■ What is being asked: Keep the text of the data exactly as it is and omit each picture from the copy.
======== Dataset section
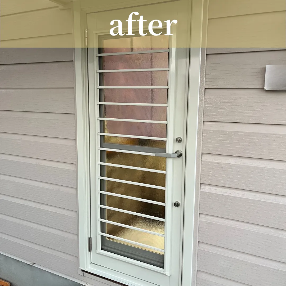 お客様のご要望は、網戸があり通風できるものがご希望との事で、ドアを閉めたままガラスが上下にスライドする商品を選んでいただきました。
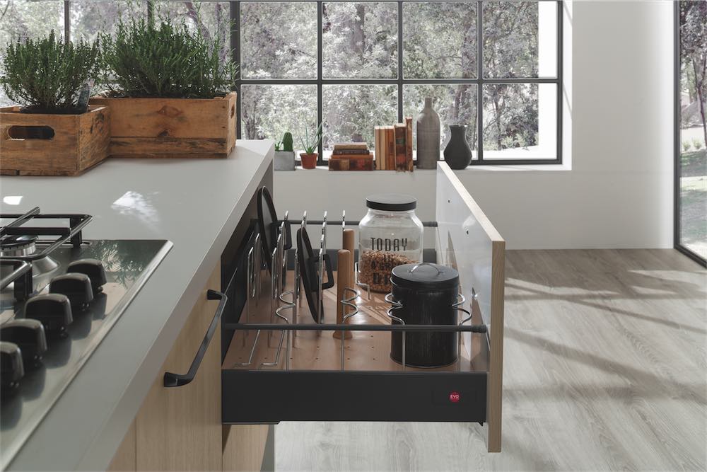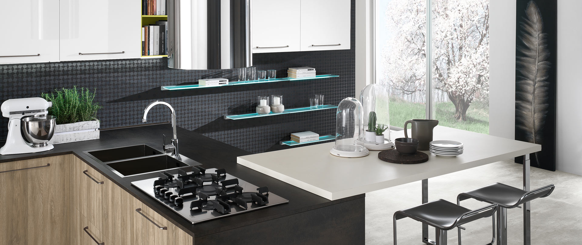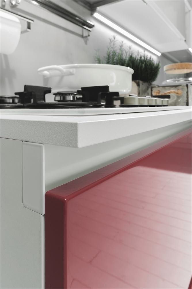 Grande esempio di cucina componibile Made in Italy, la cucina Aurora offre un’alta qualità in tutte le composizioni grazie allo spessore da 22 mm delle ante, alla qualità degli elettrodomestici, agli innovativi dispositivi di movimentazione, tra cui il sistema di frenaggio di ante e cassetti. La cucina Aurora è realizzata con pregiate ante in MDF, classe E1, spessore 22 mm, rivestimento in PVC e raggio 3 sui bordi e sugli spigoli. Disponibile anche con maniglia a gola
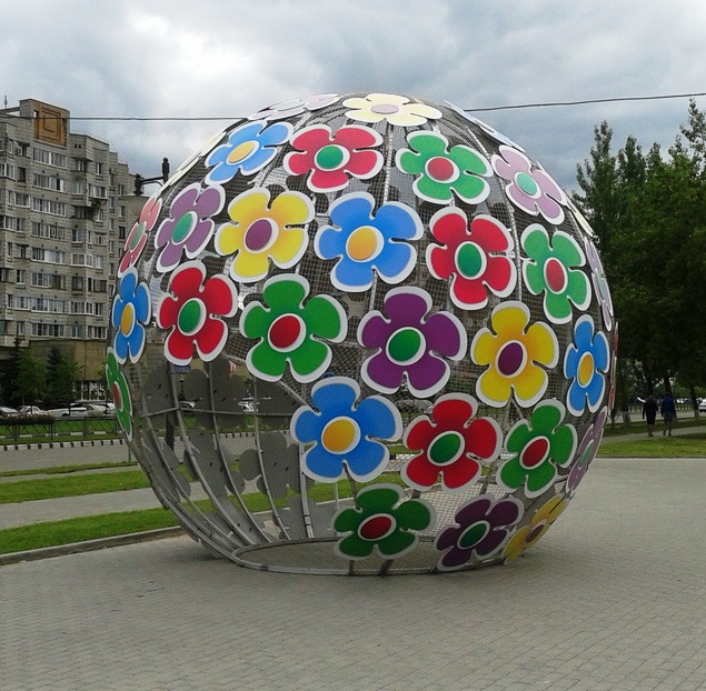 Перед празднованием Дня города в Обнинске придумали новое применение большому шару, который устанавливали в наукограде зимой. Вместо звёзд его украсили яркими цветами, позже там появятся ещё и бабочки.
================
■ Answer section:
 お客様のご要望は、網戸があり通風できるものがご希望との事で、ドアを閉めたままガラスが上下にスライドする商品を選んでいただきました。
 Grande esempio di cucina componibile Made in Italy, la cucina Aurora offre un’alta qualità in tutte le composizioni grazie allo spessore da 22 mm delle ante, alla qualità degli elettrodomestici, agli innovativi dispositivi di movimentazione, tra cui il sistema di frenaggio di ante e cassetti. La cucina Aurora è realizzata con pregiate ante in MDF, classe E1, spessore 22 mm, rivestimento in PVC e raggio 3 sui bordi e sugli spigoli. Disponibile anche con maniglia a gola
 Перед празднованием Дня города в Обнинске придумали новое применение большому шару, который устанавливали в наукограде зимой. Вместо звёзд его украсили яркими цветами, позже там появятся ещё и бабочки.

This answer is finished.